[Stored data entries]

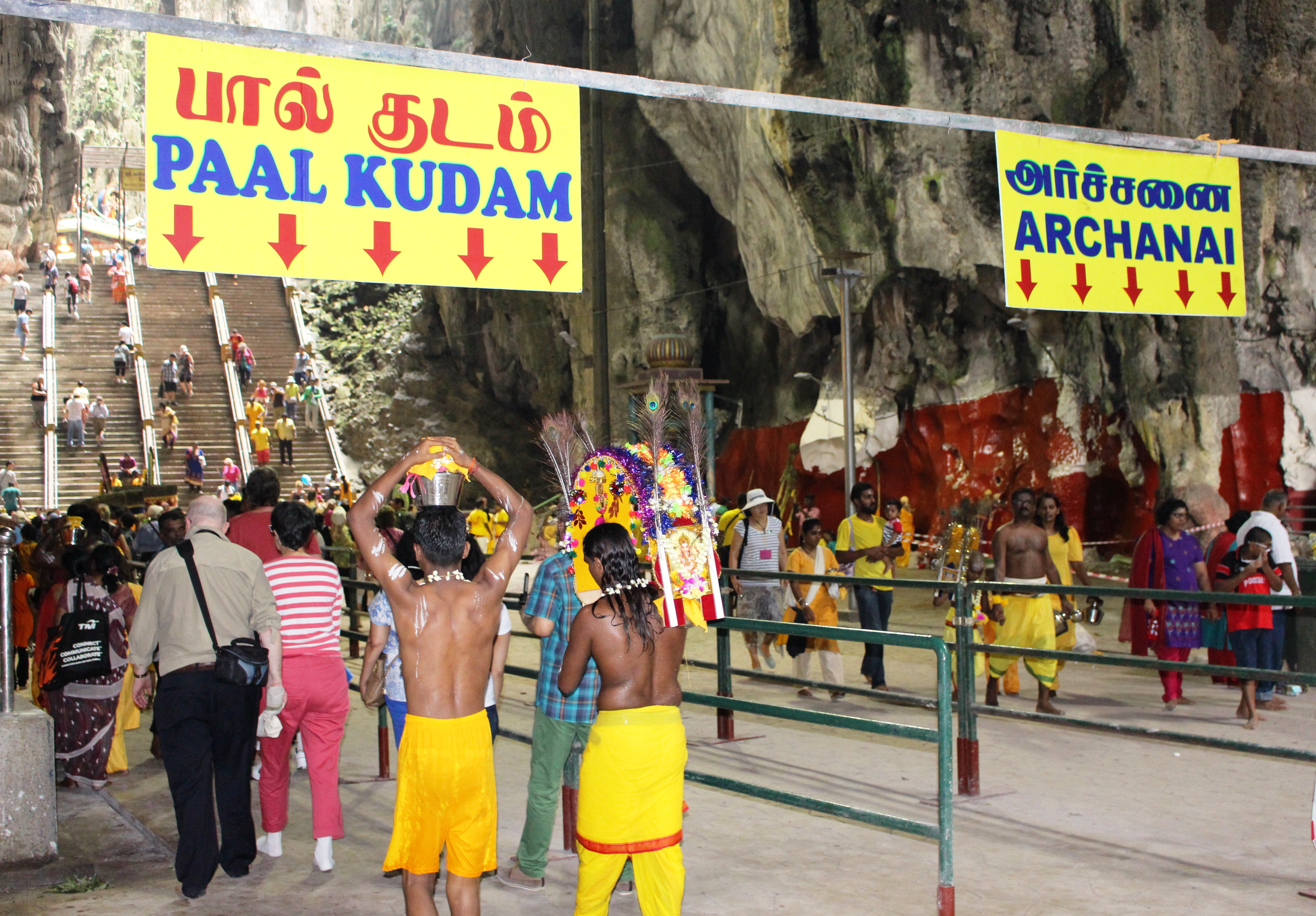 Ein Muss für jeden KL-Touristen sind die Batu Caves – Höhlen. Wir haben Glück in das indische Pongal Festival hineinzuplatzen, eine Art Erntedankfest, das den Reis ehrt. Verkehrschaos bei der Anreise, dann jedoch offenbart sich eine farbenfrohe Völkerwanderung, die wir in dem Ausmaß auch noch nicht gesehen haben. Begleited von unzaehligen frechen Affen erklimmen wir die 271 Stufen zur Höhle gemeinsam mit Touristen und den Reis-Anhängern. Welch Spektakel bei 35 Grad und fast 100% Luftfeuchtigkeit.
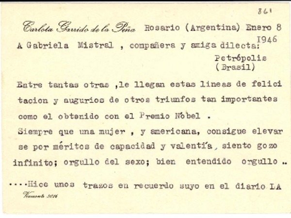[Tarjeta] 1946 ene. 8, Rosario, Argentina [a] Gabriela Mistral, Petrópolis, Brasil [manuscrito] Carlota Garrido de la Peña.
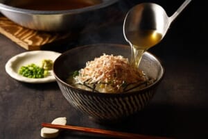 “あとのせ”鰹節には伝統製法で仕上げた本枯鰹節を使用しており、芳醇な香りとうま味を味わえる。
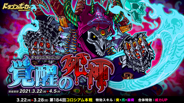株式会社アソビズム(本社:東京都千代田区、代表取締役:大手智之)は、App Store・Google Playにて好評配信中のリアルタイム合体カードバトル『ドラゴンポーカー』で、2021年3月22日(月)より、復刻チャレンジダンジョン「覚醒の死神」を開催いたします。
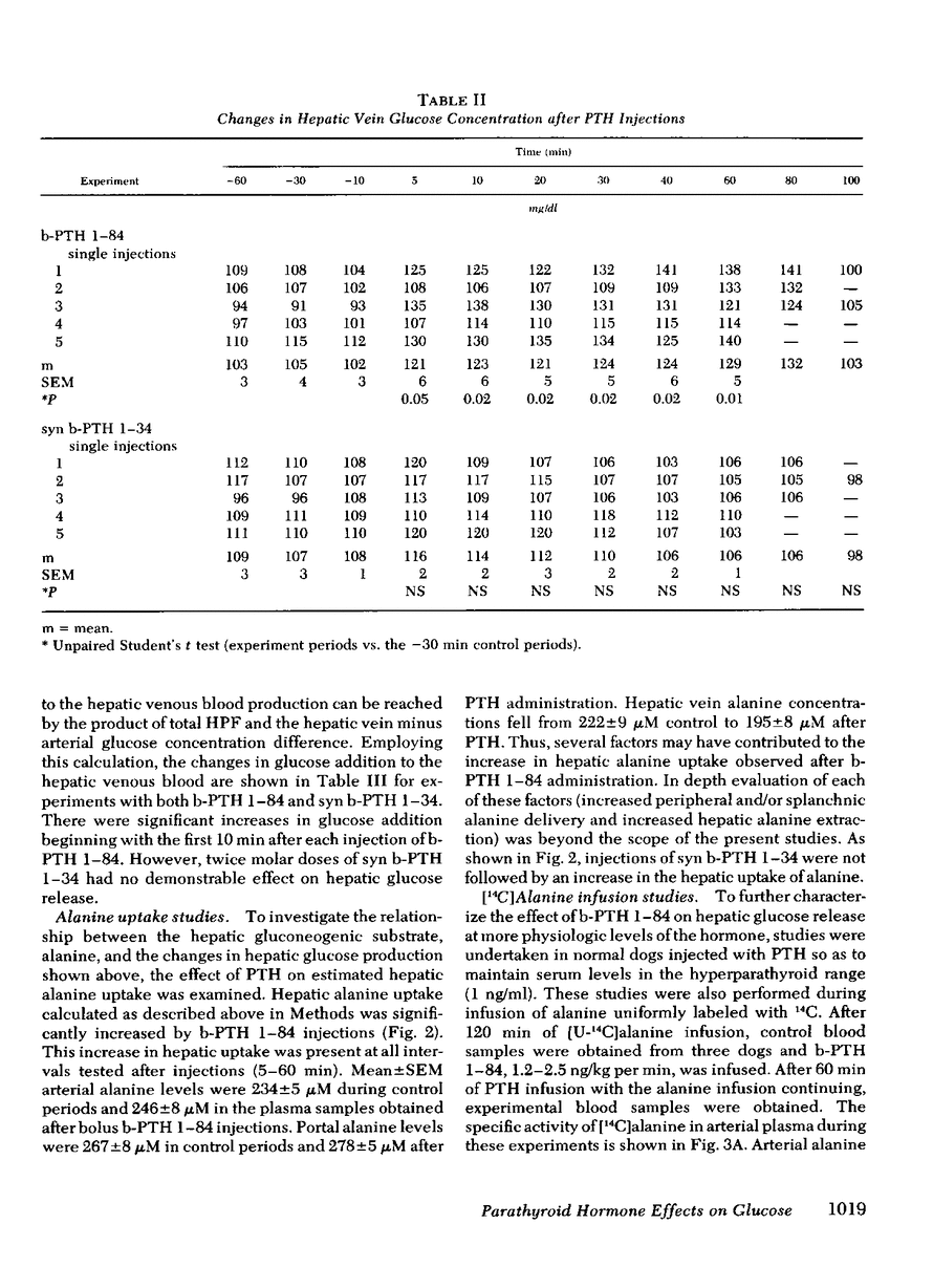 The liver has been shown to remove parathyroid hormone (PTH) from its arterial circulation by a mechanism that is selective for the intact form of the peptide (PTH 1-84). The present studies demonstrate that PTH has biologic effects on the liver in vivo. Bovine PTH 1-84 stimulated hepatic glucose release in dogs with indwelling hepatic vein catheters from basal values of 31±8 to 68±9 mg/min per kg after bolus injections of PTH. The effect on hepatic glucose release was apparent by 5 min and persisted for the 80 min of observation. The NH2-terminal PTH fragment (syn b-PTH 1-34) had no effect. Bovine PTH 1-84 administered in doses designed to produce circulating levels of immunoreactive PTH similar to the endogenous levels observed in uremic dogs also increased the incorporation of 14C from infused [14C]alanine into glucose, and increased estimated hepatic uptake of both chemical and [14C]alanine, while increasing hepatic glucose release. Thus, administration of “physiologic levels” of b-PTH 1-84 stimulated hepatic glucose release in part through increased gluconeogenesis in vivo, whereas syn b-PTH 1-34 had no demonstrable effect. Circulating levels of insulin rose after PTH administration, an increase which presumably represents a secondary response to the rise in glucose release.
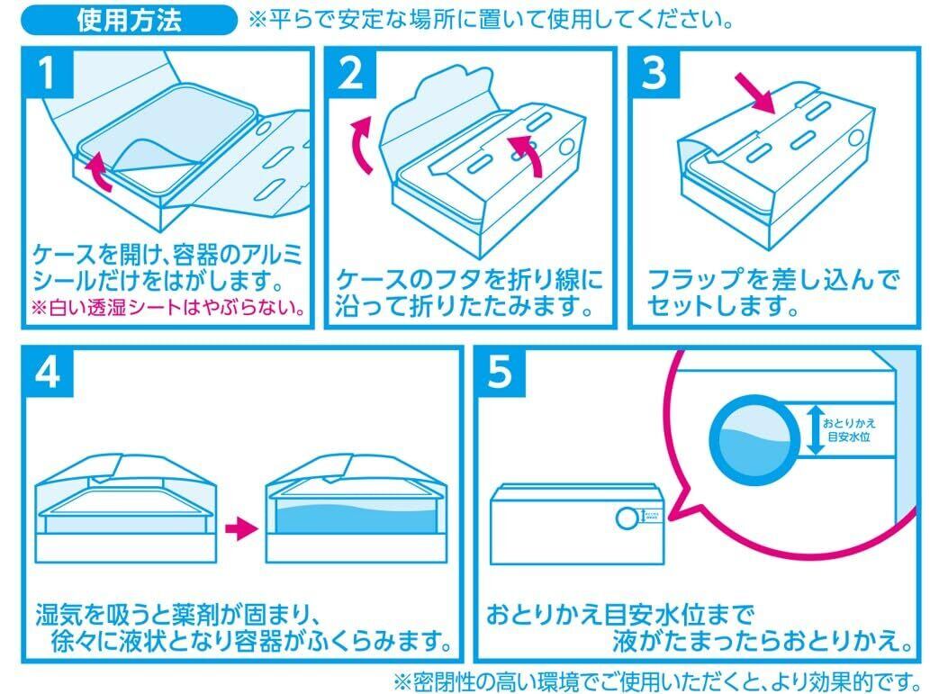 ●使用期間:4~8か月(同じ使用場所でも季節や湿気の状態で異なります。)※温度や湿気によってはおとりかえ目安水位まで液がたまらない場合がありますが使用開始後以内に必ず新しい商品とおとりかえください。
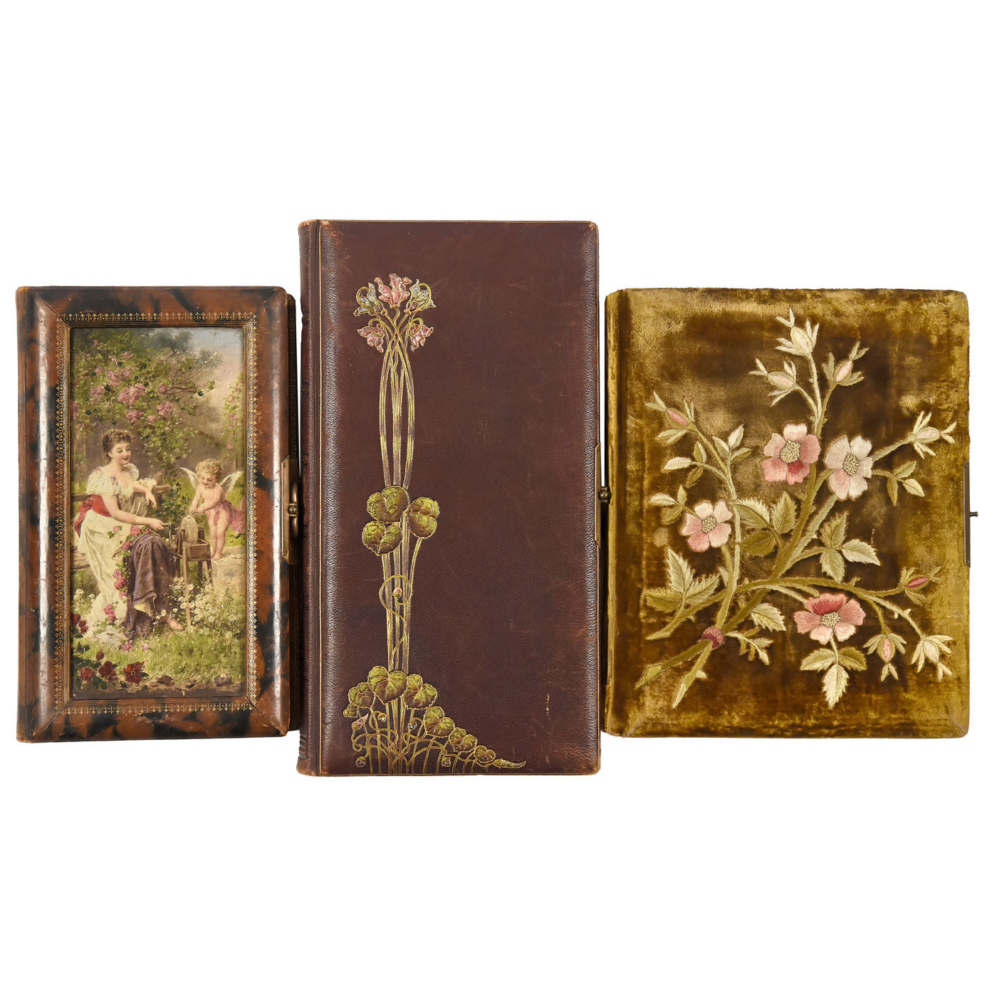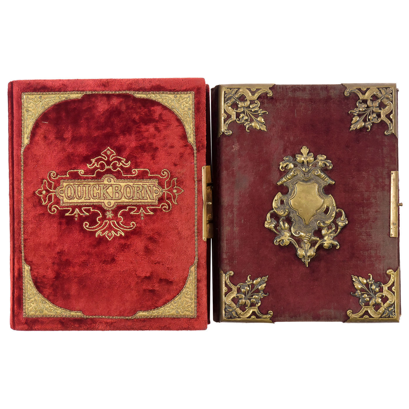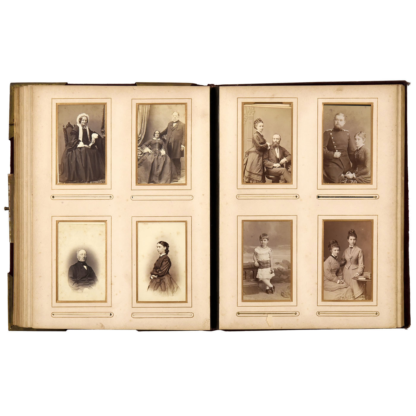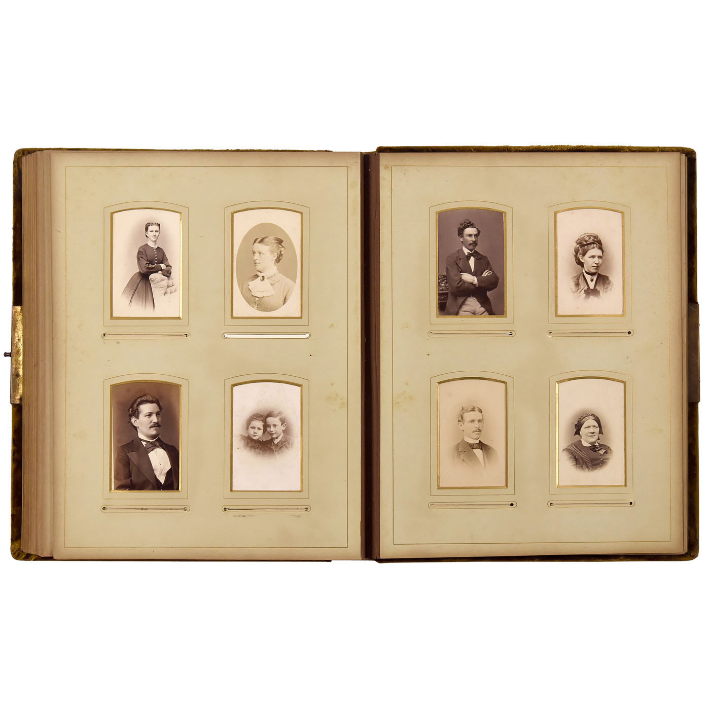 1) Leather album, 21 x 35 cm, with chromolithograph of Cupid sharpening arrows on the front, 14 plates for cartes de visite and cabinet cards, completely filled, some tears, with clasp. (3-/–) – 2) Velvet album, 27 x 34 cm, with floral embroidery on the front, 16 plates for cartes de visite and cabinet cards, completely filled, clasp missing. (3/–) – 3) Velvet album with elaborate embroidery on front, in linen-covered box marked "Quickborn", with 17 plates for cartes de visite and cabinet cards, containing photographs of the Talman Jahnke, Post and other families, many images inscribed, clasp loose. (3-/–) – 4) Velvet album with vacant brass cartouche, 16 plates for cartes de visite and cabinet cards, filled, some tears, clasp missing. (3–4/–) – And: 5) Vacant Art-Nouveau album with floral decoration, 23 x 42 cm, with 14 plates for cartes de visite and cabinet cards. (2–3/–)

### Exercise
Drop the pictures and reproduce the rest of the entries above exactly.

### Result of this task
 Ein Muss für jeden KL-Touristen sind die Batu Caves – Höhlen. Wir haben Glück in das indische Pongal Festival hineinzuplatzen, eine Art Erntedankfest, das den Reis ehrt. Verkehrschaos bei der Anreise, dann jedoch offenbart sich eine farbenfrohe Völkerwanderung, die wir in dem Ausmaß auch noch nicht gesehen haben. Begleited von unzaehligen frechen Affen erklimmen wir die 271 Stufen zur Höhle gemeinsam mit Touristen und den Reis-Anhängern. Welch Spektakel bei 35 Grad und fast 100% Luftfeuchtigkeit.
[Tarjeta] 1946 ene. 8, Rosario, Argentina [a] Gabriela Mistral, Petrópolis, Brasil [manuscrito] Carlota Garrido de la Peña.
 “あとのせ”鰹節には伝統製法で仕上げた本枯鰹節を使用しており、芳醇な香りとうま味を味わえる。
株式会社アソビズム(本社:東京都千代田区、代表取締役:大手智之)は、App Store・Google Playにて好評配信中のリアルタイム合体カードバトル『ドラゴンポーカー』で、2021年3月22日(月)より、復刻チャレンジダンジョン「覚醒の死神」を開催いたします。
 The liver has been shown to remove parathyroid hormone (PTH) from its arterial circulation by a mechanism that is selective for the intact form of the peptide (PTH 1-84). The present studies demonstrate that PTH has biologic effects on the liver in vivo. Bovine PTH 1-84 stimulated hepatic glucose release in dogs with indwelling hepatic vein catheters from basal values of 31±8 to 68±9 mg/min per kg after bolus injections of PTH. The effect on hepatic glucose release was apparent by 5 min and persisted for the 80 min of observation. The NH2-terminal PTH fragment (syn b-PTH 1-34) had no effect. Bovine PTH 1-84 administered in doses designed to produce circulating levels of immunoreactive PTH similar to the endogenous levels observed in uremic dogs also increased the incorporation of 14C from infused [14C]alanine into glucose, and increased estimated hepatic uptake of both chemical and [14C]alanine, while increasing hepatic glucose release. Thus, administration of “physiologic levels” of b-PTH 1-84 stimulated hepatic glucose release in part through increased gluconeogenesis in vivo, whereas syn b-PTH 1-34 had no demonstrable effect. Circulating levels of insulin rose after PTH administration, an increase which presumably represents a secondary response to the rise in glucose release.
 ●使用期間:4~8か月(同じ使用場所でも季節や湿気の状態で異なります。)※温度や湿気によってはおとりかえ目安水位まで液がたまらない場合がありますが使用開始後以内に必ず新しい商品とおとりかえください。
 1) Leather album, 21 x 35 cm, with chromolithograph of Cupid sharpening arrows on the front, 14 plates for cartes de visite and cabinet cards, completely filled, some tears, with clasp. (3-/–) – 2) Velvet album, 27 x 34 cm, with floral embroidery on the front, 16 plates for cartes de visite and cabinet cards, completely filled, clasp missing. (3/–) – 3) Velvet album with elaborate embroidery on front, in linen-covered box marked "Quickborn", with 17 plates for cartes de visite and cabinet cards, containing photographs of the Talman Jahnke, Post and other families, many images inscribed, clasp loose. (3-/–) – 4) Velvet album with vacant brass cartouche, 16 plates for cartes de visite and cabinet cards, filled, some tears, clasp missing. (3–4/–) – And: 5) Vacant Art-Nouveau album with floral decoration, 23 x 42 cm, with 14 plates for cartes de visite and cabinet cards. (2–3/–)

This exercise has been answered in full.